Now, lets say we want to predict some outcome based on the attributes (properties) of a new sample (other than saying it looks like it belongs with an unsupervised learned group (cluster), then we must provide the correct answer on some samples (called the training samples) in order to predict the correct answer for the test sample. This is called supervised learning, because the learning sample data has already been classified. Types of supervised learning is classification meaning discrete output values into one of a fixed number of classes, and regression where the output is a prediction of a continuous value. Both can be said to "inferring unknown from known".

Other ways to categorize is whether the algorighm continue learning ("on-line" / "active learning") or not, and whether decisions must be made sequencialy or not (reinforcement).

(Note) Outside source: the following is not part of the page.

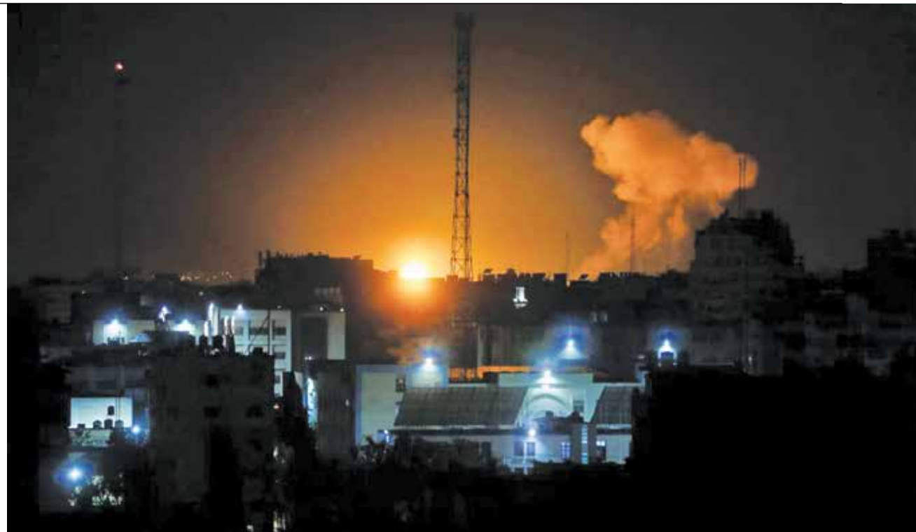
غزه برای دومین بار در ۷ ماه اخیر هدف حملات گسترده هوایی قرار گرفت

It can also be semi-supervised. There is also something called "Deep learning" when we try to learn in steps, find similar categories and then do sub categories. Often this is more efficient as two things can be hard to separate because they are to similar compared to everything else, but when we have separated them from the rest we can find the small difference.

Main useage of ML algorighms:

  • Handwriting recognition
  • Face recognition (or other things like signs, cars, roads...)
  • Speech recognition
  • Navigation: drive helicopter or car autonomously
  • Build ontologies or classify documents (spam detection)
  • Recommendations (like Netflix and Spotify)
  • Climate modelling
  • Find malware and network attacks

Wikipedia has a page on learning algorithms for a brief overview of methods known in this field.

The motivation for this course was the change from post mortem to proactive forensics. Use machines to search for evidence. The problem is huge amounts of data ("Big data" meaning more data than one computer can easily handle), speed of search, deterministic (versus humans that makes mistakes, need to sleep etc). As a contradiction machine algorithms makes mistakes as well. Google books project has a "get it all" focus compared to finding the tiny difference that malicious activity represents.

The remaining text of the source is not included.